With generative design for buildings and using a computer system to create models, is there a danger that structures will ultimately all look the same because the computer is creating model using certain parameters (cost, efficiency, etc)? I see this to some level in the automotive industry – cars are increasingly looking similar to each to other as brands pursue fuel efficiency and make their products safer.
You’re right, a lot of cars look the same these days. I think I bought a VW Beetle because it’s the only car that doesn’t look like anything else. You might be correct that this may happen, but I think that will only happen if you leave the computer to its own devices and don’t use the tools as tools but as the end product.
I personally think that generative design is just the beginning of design, but not the final design. It’s a tool that helps me focus on what I want something to be and do rather than how to look. It helps me explore in a much more informed way, understand trade-offs, and it gives me all the options outside of the limitations of my knowledge and bias. But at the end of the day, in my humble opinion, that’s just the beginning – an informed, data-driven, rich exploration.
And we will push that concept further and enable personal creative control. We want you to be able to say: No, I’d like to go in this direction now and be smart about it. From there, the system gives you another 10 options and you can then say: From those 10 options, I’d like to combine this and that, and now I want to start going in that direction. Generative is the beginning of things, and I think it’s an exciting methodology for working.
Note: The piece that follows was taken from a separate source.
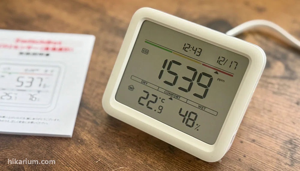 部屋の二酸化炭素濃度には快適に過ごすための基準値があって、それを測れます。ちなみに5000ppmは即異常をきたすレベルのやばい値です。

It should not be viewed as the final solution for a design.
At Autodesk, how do you decide which projects go ahead?
At Autodesk Research, we look at various technological developments and try to predict what they might mean for the future. We research, test, prototype, validate and try to find out if something is worth pursuing. In some cases, things that we thought were good ideas end up not going anywhere, so we shelve them. In other cases, like with generative design, we researched, probed, resisted the non-believers, and it turned out to be a valid new paradigm and we pursued it.
But it’s important to experiment, test, explore, probe visions and think about the future. As a company, we can’t afford not to experiment with the unknown, and I think it’s the same with our customers. You cannot bet on the safe horse all the time; you have to bet on some newcomers, or else there won’t be any innovation.